Les départements pourront-ils intégrer rapidement des prestations liées à la perte d’autonomie?
"Les départements ont la capacité d’assurer cette prise en charge, à la condition indispensable que l’Etat apure sa dette. Le financement de la dépendance n’est pas le tsunami dont certains se gargarisent. Si l’on table sur un besoin de 8 milliards à l’horizon 2030 sur un coût total de 30 milliards dont 22 sont d’ores et déjà financés, cela représente un effort parfaitement supportable pour la collectivité. La question portera plus légitimement sur la gouvernance de cette prise en charge, compte tenu de la mise en place des agences régionales de santé (ARS) qui va nécessiter de coordonnerles acteurs départementaux et régionaux, de l’expertise bien installée de la CNSA et de sa composition qui rassemble l’ensemble des intervenants."

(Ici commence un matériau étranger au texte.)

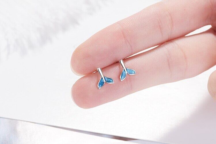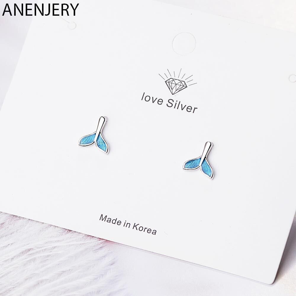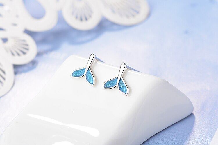 送料無料 ANENJERYシルバーカラークリエイティブブルーフィッシュテールピアス釉薬マーメイドフィッシュテールピアスギフトガールフレンドS-E840 イヤリング リング 指輪 銀 アクセサリー AE165594315891885

"L'équivalent de neuf collèges neufs non compensés"
Entretien avec Michel Dinet, président du conseil général de Meurthe-et-Moselle
Le département de Meurthe-et-Moselle peine-t-il à financer ses dépenses sociales obligatoires?
Michel Dinet - "Comment pourrait-il en être autrement puisque le décalage entre ses dépenses et les recettes qui lui sont attribuées s’accroît chaque année ! En 2011, sur les 186 millions d’euros répartis entre les trois allocations servies, 90 millions ne seront pas compensés. Soit l’équivalent de l’ensemble des dépenses du conseil général pour les routes ou de neuf collèges neufs… Ce décalage représente tout de même 15 % de notre budget total de 650 millions d’euros ! S’ajoute à cela une évolution démographique qui conduit au vieillissement de la population du département et une situation économique tendue avec un nombre de bénéficiaires du RSA en hausse."
Quelles sont les marges de manœuvre du département pour assumer le coût des trois allocations?
"Ces droits individuels décidés par la Nation et au périmètre fixé par le Parlement ne devraient être financés que par le niveau national. Résultat: je me retrouve à rendre des comptes sur la base de décisions qui ne sont pas les miennes ! Et la suppression du pouvoir financier et fiscal du département aggrave le tout: je ne peux plus compenser comme avant en augmentant les quatre taux de taxe. La seule marge qui me reste est le foncier bâti !"
Les surcoûts de fonctionnement sont-ils aussi problématiques?
"Ces surcoûts restent faibles, même si l’Etat est redevable au département car il n’a pas transféré tous les personnels sur notre maison départementale des personnes handicapées et n’a pas apporté tous les crédits au fonds de compensation du handicap. Globalement, je plaide pour que le financement des allocations individuelles revienne totalement au niveau national mais que les modalités d’intervention, les politiques d’accompagnement, relèvent du niveau local."